The way I see it, there are four main methods which would allow people to stay in touch when one moves away: instant message, email, Facebook, and Twitter. Of course there are other perhaps more obscure methods but I'll only be focusing on the popular ones for today. My reasoning/hierarchy for who gets what level of contact rests on the principle of direct-ness of contact and how much I choose to be engaged in a conversation with someone, once I move away. The less I know you or less of a friend you are, the more disengaged or one-directional method of contact I will give someone.
1. Instant Messaging: This is my chief means of staying in touch online and I guard it religiously. I use Skype exclusively so not only is it an instant messaging service, but I use it to call and video chat with my friends when I'm out of town. Consequently, I am not keen on giving out my Skype name to just anyone who wants to stay in touch. This is only for the upper echelons of friends and family who I wouldn't mind interacting with on a daily basis.
2. Email: Second down the line is email which I am still very protective over. In fact, I'm very careful to have a separate email address to filter email blasts and corporate subscriptions so I'm not constantly inundated with needless messages. Same goes for acquaintances. No one will get my personal email unless I really want them to. But I am not as strict with my email communications as I am with IM because the level of interaction is less frequent and direct. I don't feel as obligated to respond immediately like I am with an IM service. And conversations tend to be more brief and less frequent.
3. Facebook: Some may say that Facebook should be above email since it is opening private information about yourself to people and why would you want that? But I personally don't put much private information on Facebook which feels more like a default place to lump in people who I know but don't wish to interact with them directly like with email and IM. People still feel connected to you, however, because they're reading your wall or looking at your pictures, etc.. The occasional Facebook chat or message is much more easy to handle than constant emails back and forth with someone you're not too close with.

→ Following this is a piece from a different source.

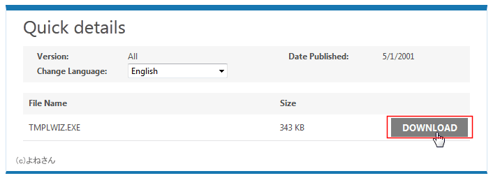 - ファイル名は「TMPLWIZ.EXE」となっていますので、実行ファイルになっています。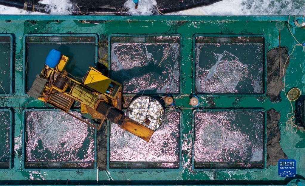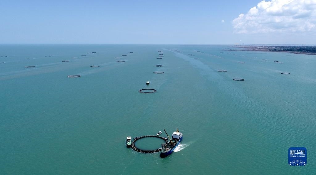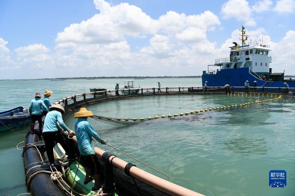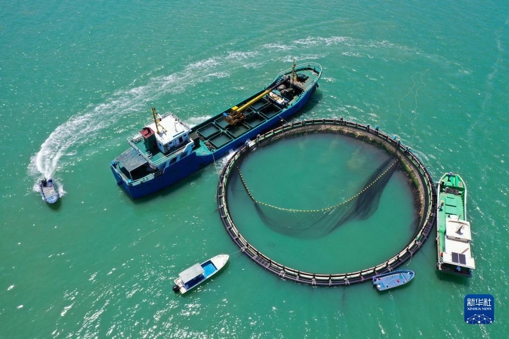 5月27日,在湛江市徐聞縣西連鎮(zhèn),漁業(yè)工人從徐聞國(guó)橋深海養(yǎng)殖有限公司的金鯧魚深海網(wǎng)箱捕魚(無(wú)人機(jī)照片)。

4. Twitter: This is the final catch-all for anyone I sort of know or don't like but feel obligated to give them something (out of my sheer kindness). Twitter feels like a wholly one directional method of communication. You write your tweet, post it, and you're done. No obligation to retweet or respond back to people if you don't want to. This way, your semi-acquaintances will still feel satisfaction in reading your thoughts but there is no pressure whatsoever to communicate back and forth with one another.
Am I being overly protective? I'm curious to hear how others have dealt with moving away and distributing their contacts out to the masses of friends, family, acquaintances, or otherwise.